У Иванова много общего с Ковриным («Черный монах»), с Лаевским («Дуэль»), с «революционером» из «Рассказа неизвестного человека». Все они заставляют страдать окружающих их близких и губят их. Все они борются вхолостую, а такая борьба вредна для общества и для тех, кто так борется. Однако к лаевским и ивановым иногда возвращается сила их молодости и тогда они находят себя в жизни или раздается выстрел, заканчивающий исчерпавшую себя жизнь.
Писатель, нарисовав болезнь пустоты у своих героев, знал причины этой болезни и как умный врач понимал, что прогноз болезни, при отсутствии перемены в их жизни, был скверным. Писатель знал, что причина неврастении не «в нашем нервном веке» и даже не в переутомлении.
В «Иванове», в ряде своих писем, а позже в «Случае их практики» А.П. Чехов, рисуя образы неврастеников, точно объясняет причины появления этой болезни. Для либеральной интеллигенции чеховского периода неврастения была болезнью социальной.
Сказанное позволяет сделать логический вывод: интеллигенты – герои Чехова становились неврастениками потому, что не имели и не могли иметь стойкого и определенного мировоззрения, убеждения, «общей цели», потому, что у них отсутствовала цель жизни и деятельности, а это все, по словам С.С. Корсакова, вызывало чувство неудовлетворенности и губительно влияло на их душевный строй[4].
Если у Чехова появлялась необходимость наделить того или иного героя патологическими чертами или отклонениями от психической нормы, он никогда не повторял себя. Чехов-писатель для каждого нового произведения старался брать из палитры Чехова-врача те краски и полутона, которые им раньше не были использованы.
Так, между Ивановым («Иванов») и Лаевским («Дуэль») есть много общего, однако, если первый представлен как несомненный неврастеник, то второму такой диагноз установить нельзя. Лаевский, в противоположность Иванову, физически хил. Он крайне непостоянен, настроение его изменчиво. Он восторжен в своих признаниях. «Я пустой, ничтожный, падший человек, - говорит он доктору Самойленко, - воздух, которым я дышу, это вино, любовь, одним словом, жизнь я до сих пор покупал целой лжи, праздности и малодушия…»[5]. А спустя несколько минут настроение его меняется: «я буду человеком!
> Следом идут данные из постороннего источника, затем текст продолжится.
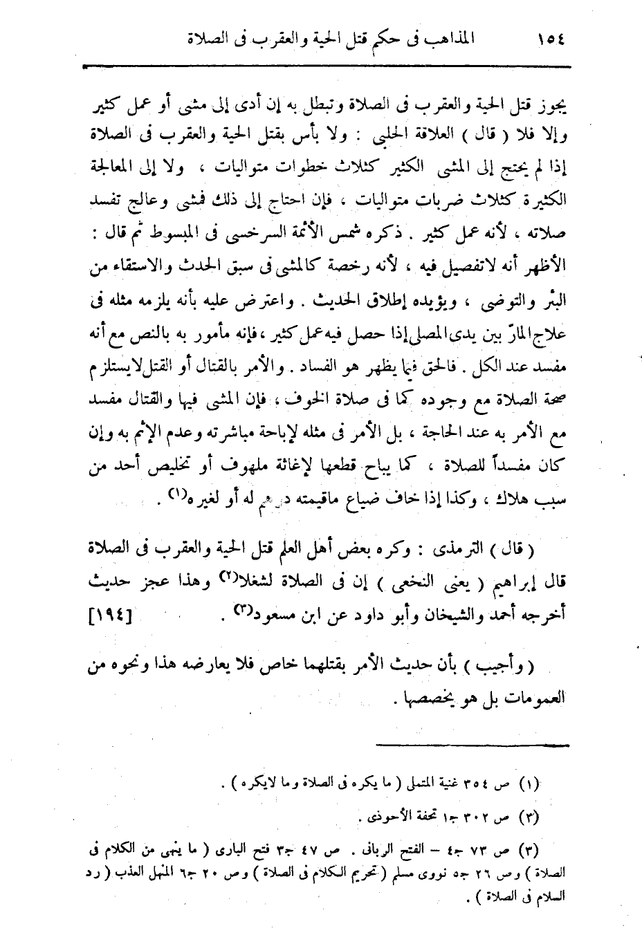 (قال) الترمذى: وكره بعض أهل العلم قتل الحية والعقرب فى الصلاة قال إبراهيم (يعنى النخعى) إن فى الصلاة لشغلا (¬2) وهذا عجز حديث أخرجه أحمد والشيخان وأبو داود عن ابن مسعود (¬3). {194}
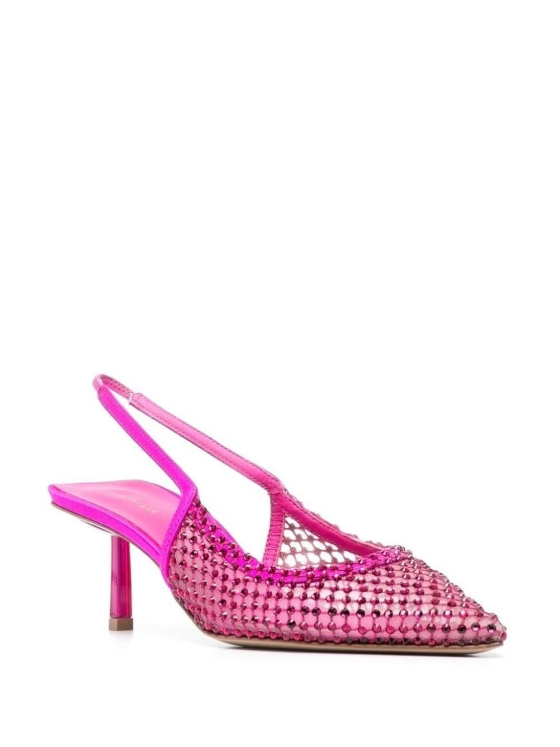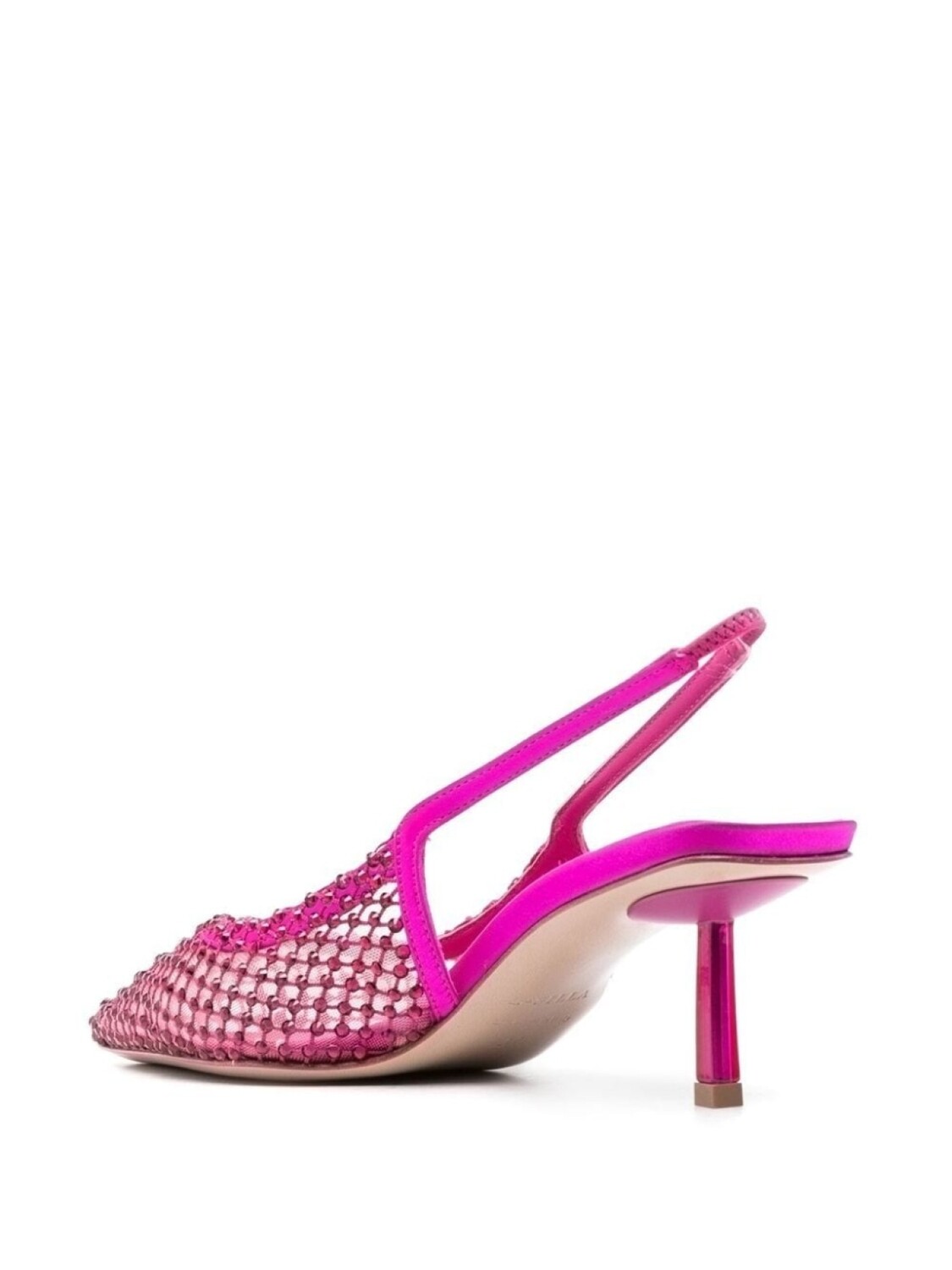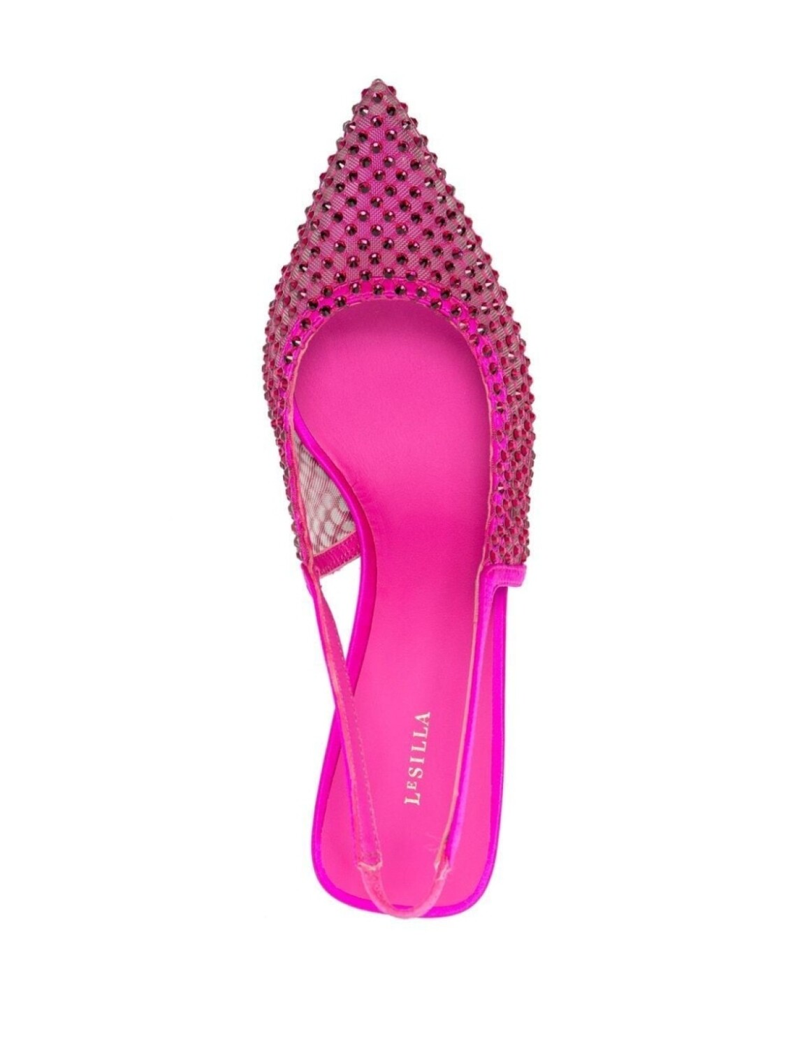 Атласная отделка, декор из стеклянных кристаллов, сетка, эластичный ремешок на пятке, кожаная стелька с логотипом, заостренный носок, плоская резиновая подошва и каблук средней высоты.
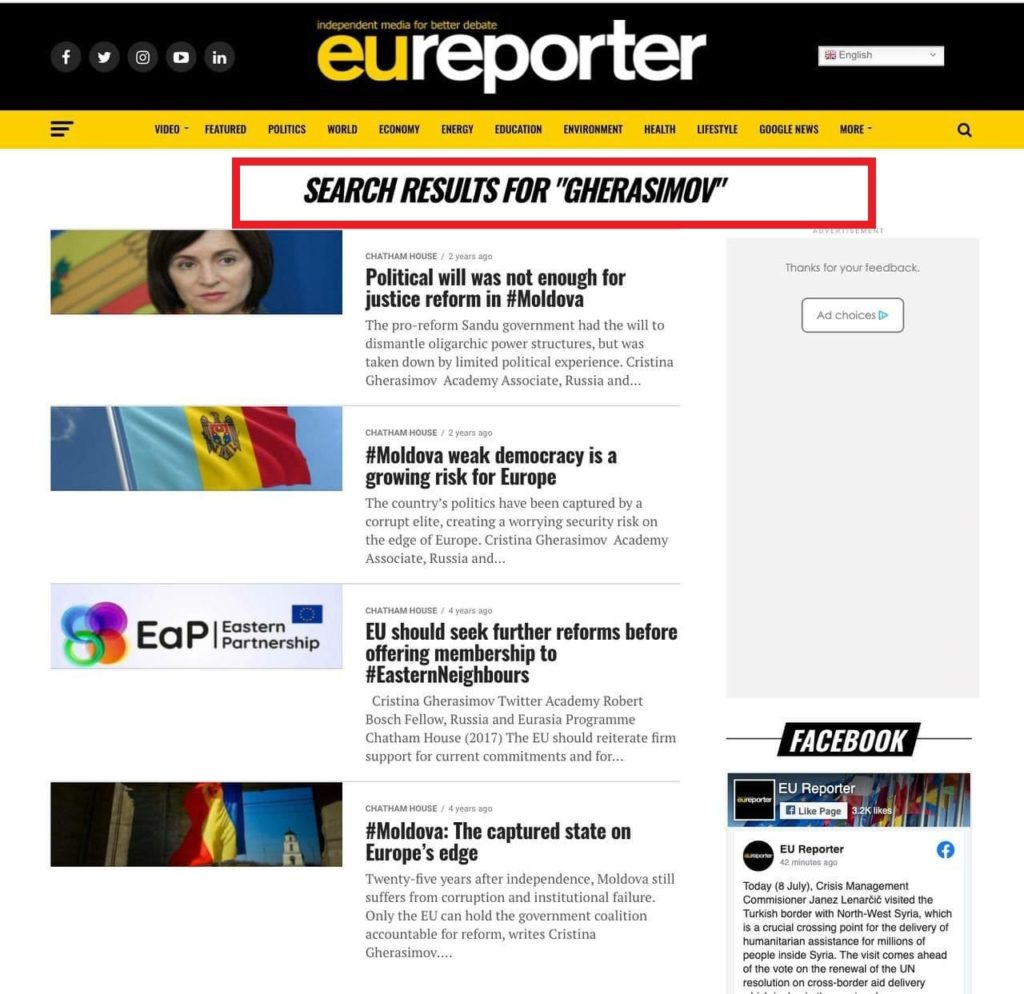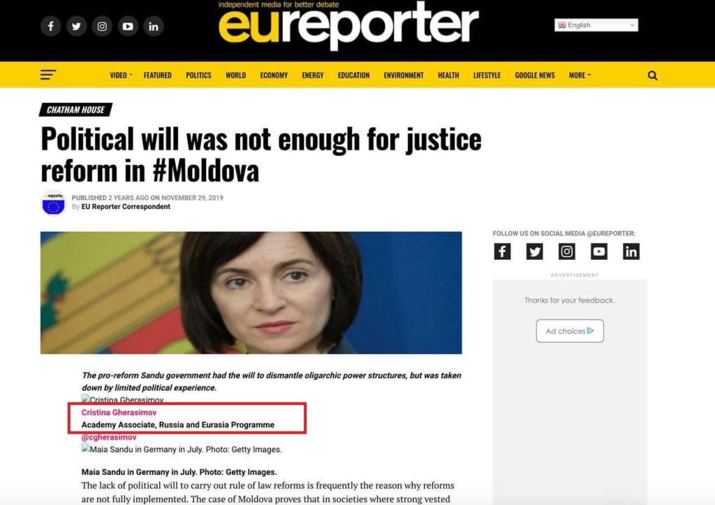 Cristina Gherasim, consiliera Maiei Sandu în domeniul politicii externe, a fost angajată la portalul de știri EUREPORTER.CO, cel care a publicat un fals vădit despre o presupusă finanțare a Blocului Comuniștilor și Socialiștilor. Despre aceasta aflăm chiar de pe site-ul în cauză.
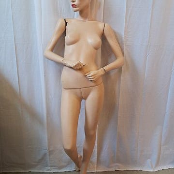 Italiensk vintage justerbar skrædderduk fra 1960’erne med sort plastikkrop og metaldele, højdejusterbar via en metalrør og torsoen åbner lodret; står på en solid metalfod med treben; god brugt stand med alders- og små pletter, vægt 8 kg, målene 115 cm høje, 31 cm brede og 28 cm dybe. Klik på den blå "gå til varen" knap, for at købe eller byde på denne vare. Den samlede pris vil blive vist inden du afgiver dit bud.
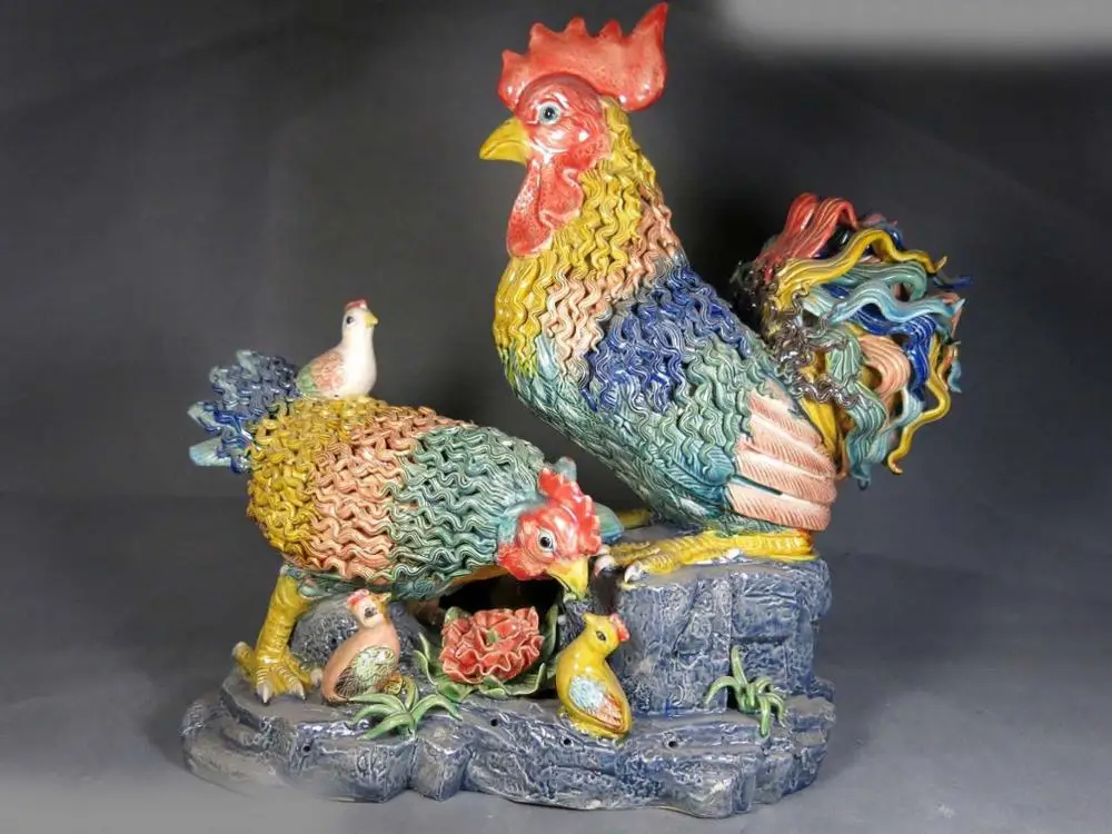 BEST 14" China handmade fine koji pottery sculpture Lucky rooster family Statue
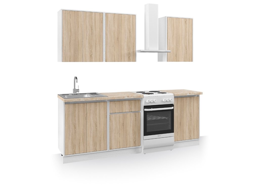 Kuchynská linka MATEO 160 je praktickým a moderným riešením pre menšie až stredne veľké kuchynské priestory, kde je kladený dôraz na funkčnosť a čistý dizajn. Vďaka premyslenému rozloženiu skriniek ponúka dostatok úložného priestoru a pohodlné používanie pri každodennom varení. Kombinácia farieb dub Sonoma + biela pôsobí svetlo, prirodzene a nadčasovo.

Буду! – восклицает он. – Мне кажется, что я давно уже не переживал таких светлых, чистых минут…». Лаевский часто лжет, вспыхивает, плачет по ничтожному поводу. Для завершения обрисовки характера своего героя Чехов в короткой сценке показывает картину припадка. Чехов настолько верно описал этот припадок, что он может служить иллюстрацией к главе об истерии в современном учебнике.
Иванов и Лаевский представлены Чеховым как страдающие двумя наиболее распространенными среди интеллигенции чеховского периода неврозами. Но он не считает их «безнадежно больными». Иванов находит в себе силу оборвать свою жизнь, а Лаевский делает первые шаги в поисках правды.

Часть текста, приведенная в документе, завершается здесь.